Task statement
Restate every line of the data word for word, except for the images.

* * *

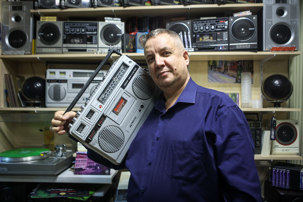 «Это была первая стереофония в Советском Союзе, и я очень гордился, что он у меня есть. На улицу с собой не брал, хотя тогда так делать было модно. Для ребят конца „восьмидесятых“ – начала „девяностых“, когда нужно было за себя постоять, магнитофон был хорошим ударным инструментом. Не зря их носили на плече на всеобщее обозрение. На человека с магнитофоном нападать было чревато», — шутливо вспоминает коллекционер.
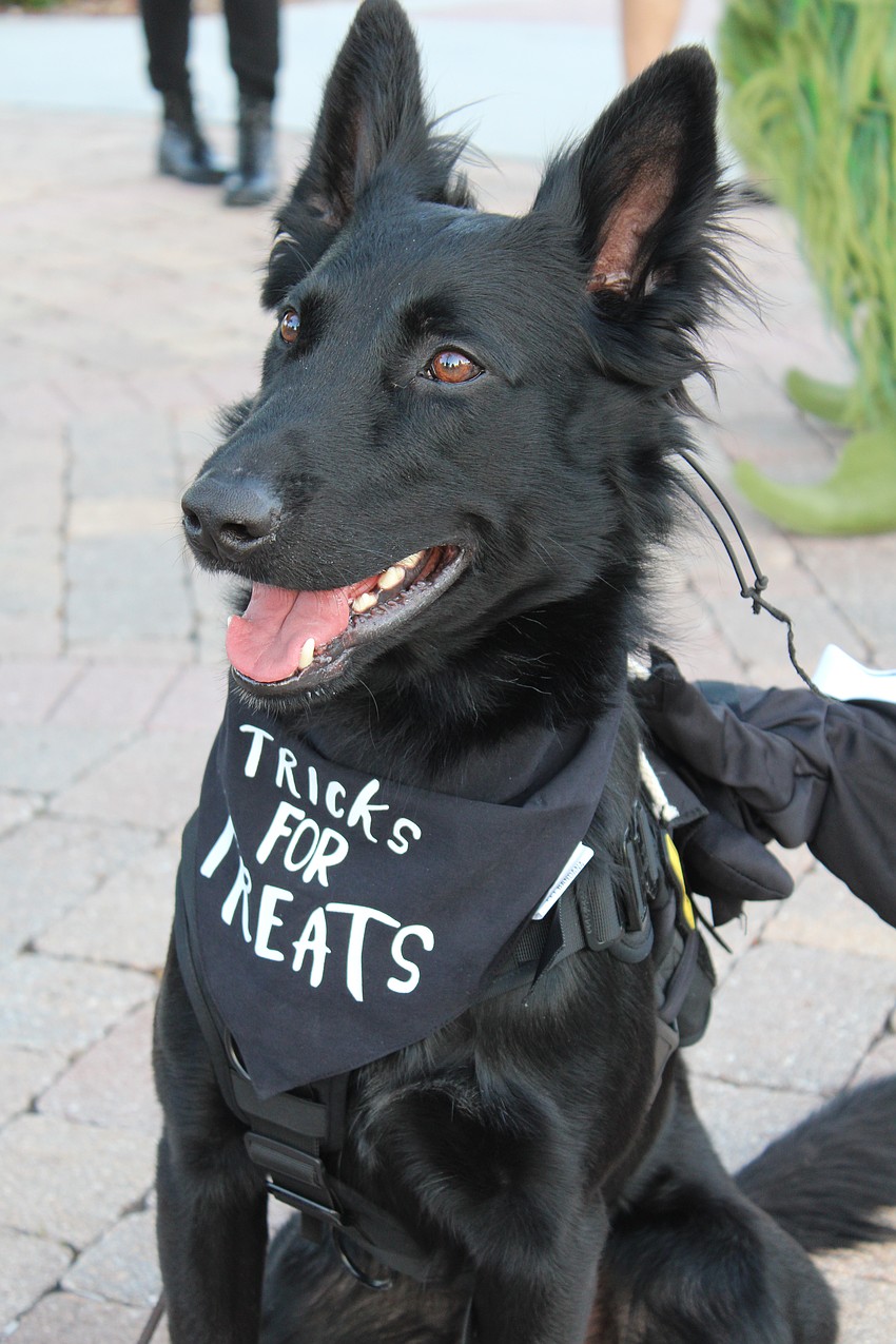 Rake, working with LMK K95 dog training, hopes to trade tricks for trades at Fright Night on St. Armands Circle.
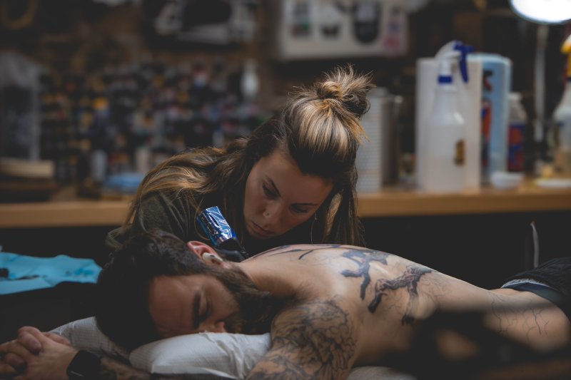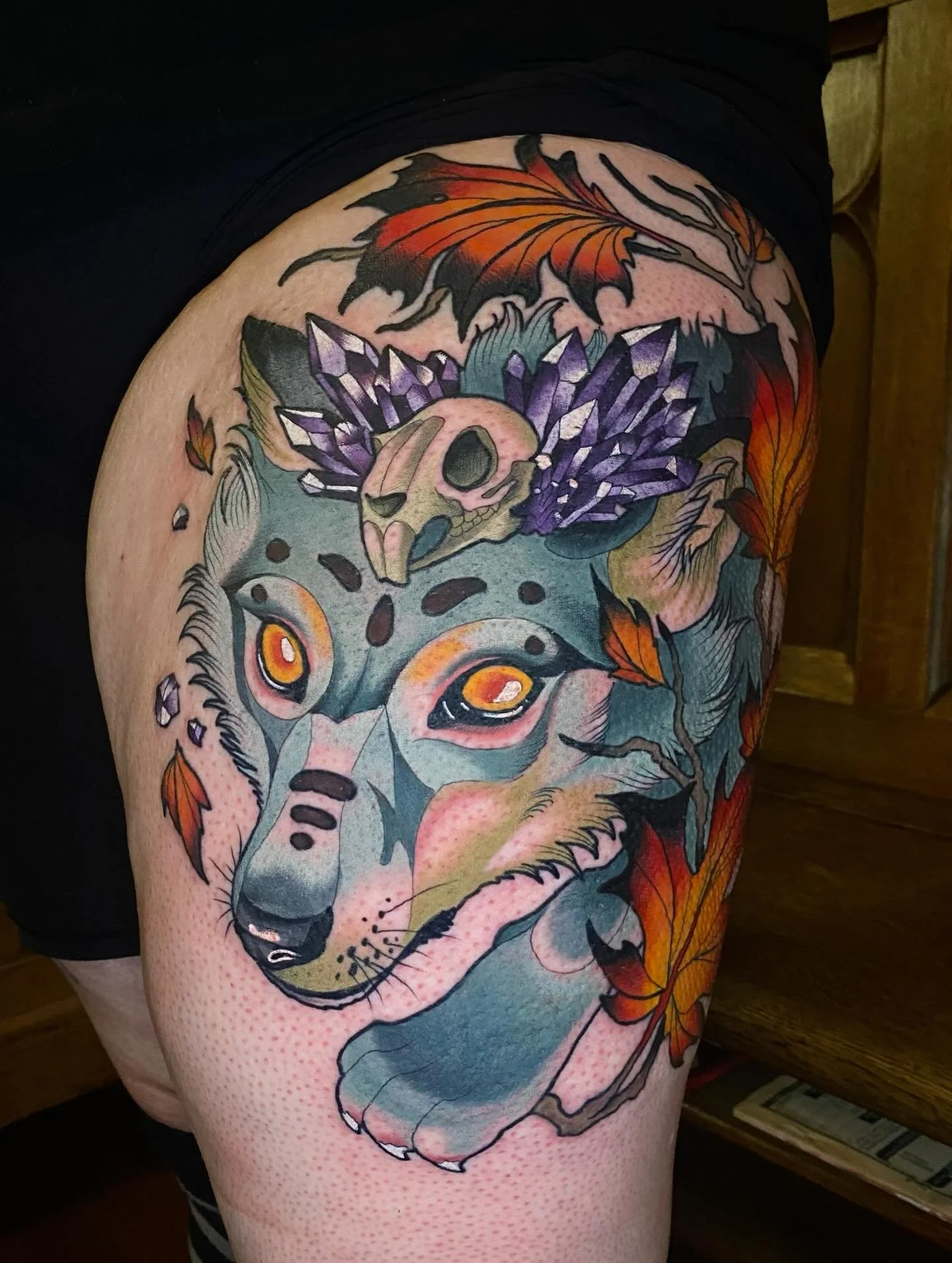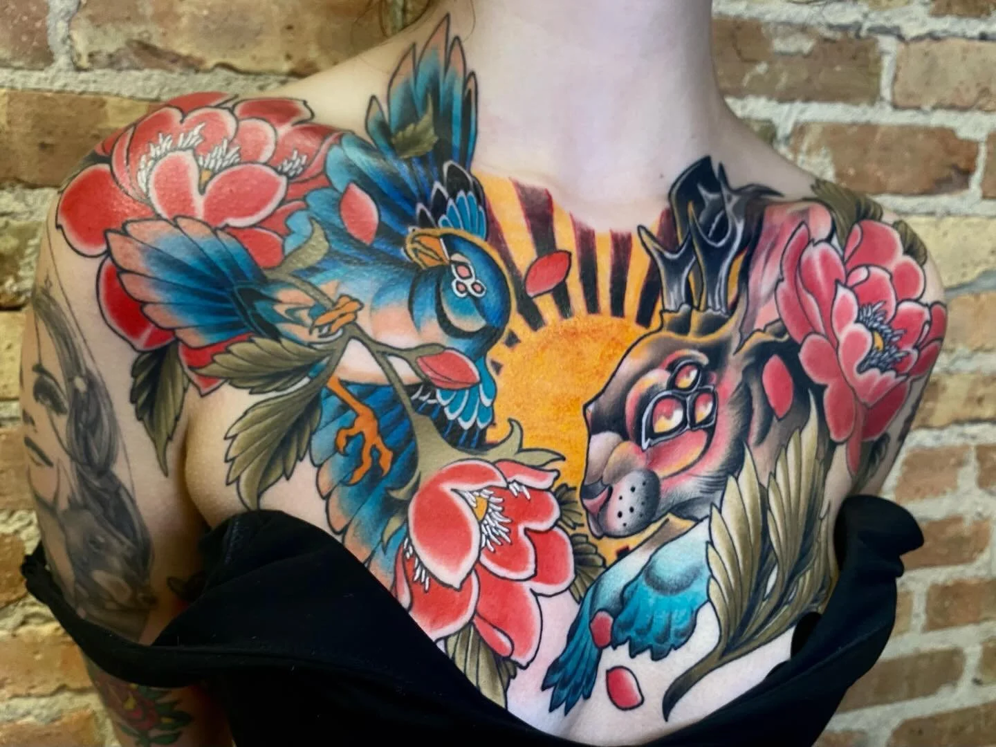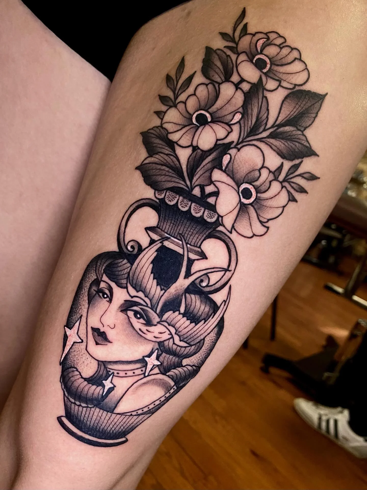 AJ began her tattoo apprenticeship in 2021 and immediately started displaying solid work in a variety of styles- from traditional to illustrative to black & grey realism. Not one to shy away from a challenge, AJ is ready and willing to take on your next tattoo project big or small to further her growth as a tattooer.
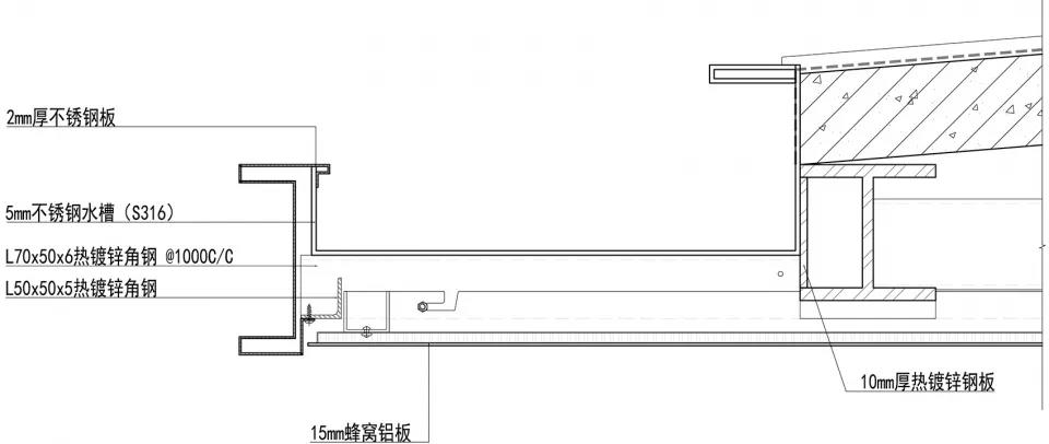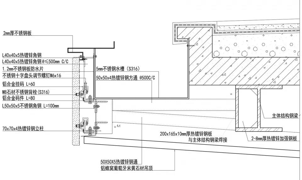 衛生間檐口:以石材蜂窩板與檐口石材共同組成具有雕塑感的建筑檐口,石材蜂窩板吊頂與石材墻面渾然一體,仿佛整石雕琢而成。
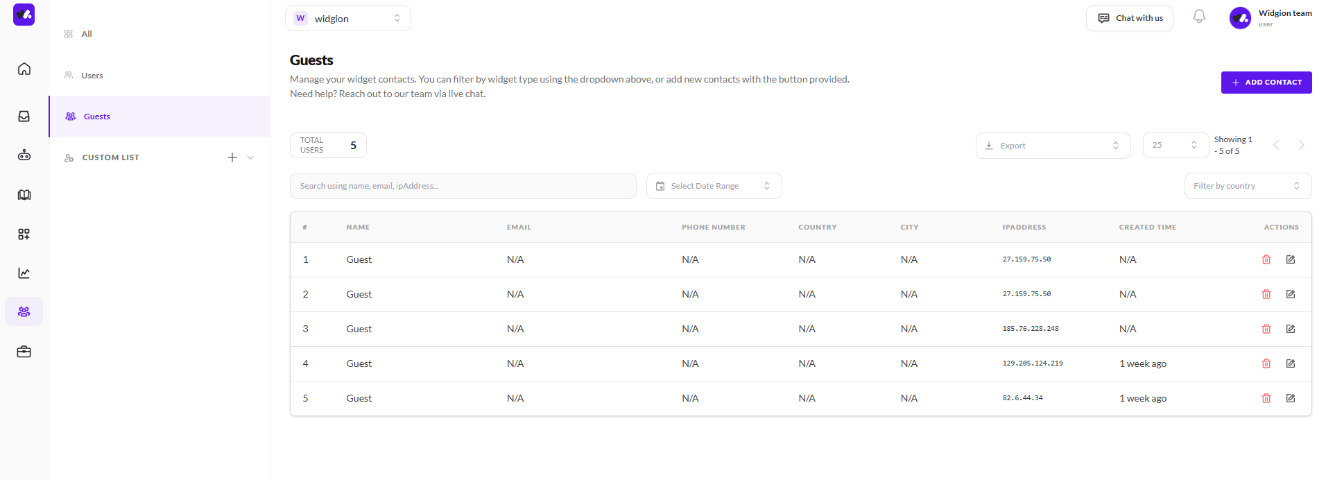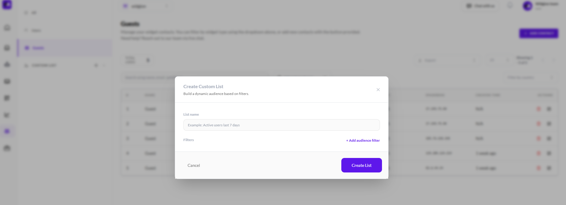 Widgion organizes the people who interact with your widget into three distinct contact types — Users, Guests, and Custom Lists. Each one represents a different kind of visitor, and understanding the difference helps you manage your audience more effectively. All three are accessible from the Audience section in the left sidebar.
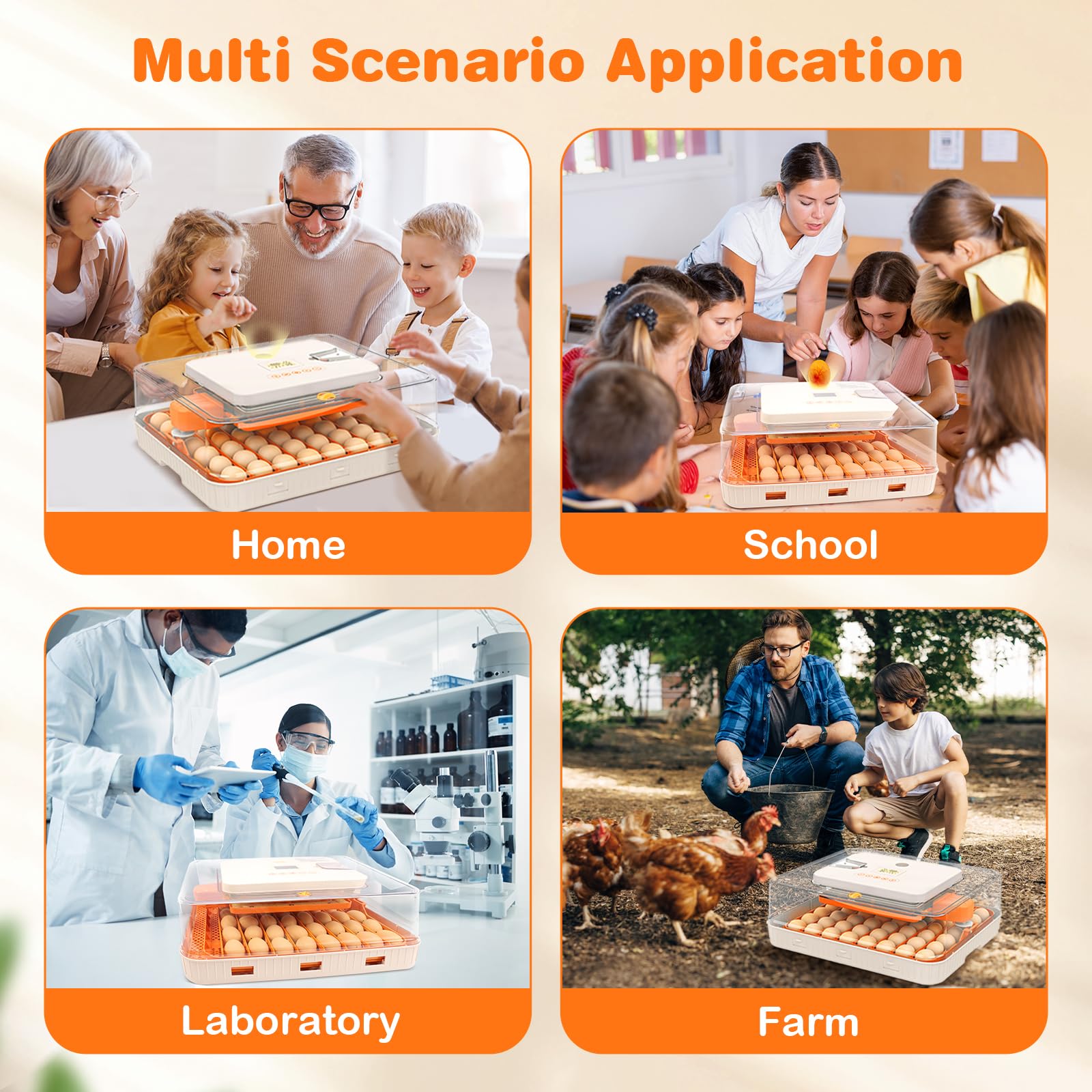 Multi-functional Incubator: The chicken incubators for hatching eggs is versatile and suitable for hatching eggs of various poultry species,such as chicken, duck, goose, pigeon, quail, etc.. APODESS incubator is perfect for home use, education and laboratory use

* * *

Output for this exercise
 «Это была первая стереофония в Советском Союзе, и я очень гордился, что он у меня есть. На улицу с собой не брал, хотя тогда так делать было модно. Для ребят конца „восьмидесятых“ – начала „девяностых“, когда нужно было за себя постоять, магнитофон был хорошим ударным инструментом. Не зря их носили на плече на всеобщее обозрение. На человека с магнитофоном нападать было чревато», — шутливо вспоминает коллекционер.
 Rake, working with LMK K95 dog training, hopes to trade tricks for trades at Fright Night on St. Armands Circle.
 AJ began her tattoo apprenticeship in 2021 and immediately started displaying solid work in a variety of styles- from traditional to illustrative to black & grey realism. Not one to shy away from a challenge, AJ is ready and willing to take on your next tattoo project big or small to further her growth as a tattooer.
 衛生間檐口:以石材蜂窩板與檐口石材共同組成具有雕塑感的建筑檐口,石材蜂窩板吊頂與石材墻面渾然一體,仿佛整石雕琢而成。
 Widgion organizes the people who interact with your widget into three distinct contact types — Users, Guests, and Custom Lists. Each one represents a different kind of visitor, and understanding the difference helps you manage your audience more effectively. All three are accessible from the Audience section in the left sidebar.
 Multi-functional Incubator: The chicken incubators for hatching eggs is versatile and suitable for hatching eggs of various poultry species,such as chicken, duck, goose, pigeon, quail, etc.. APODESS incubator is perfect for home use, education and laboratory use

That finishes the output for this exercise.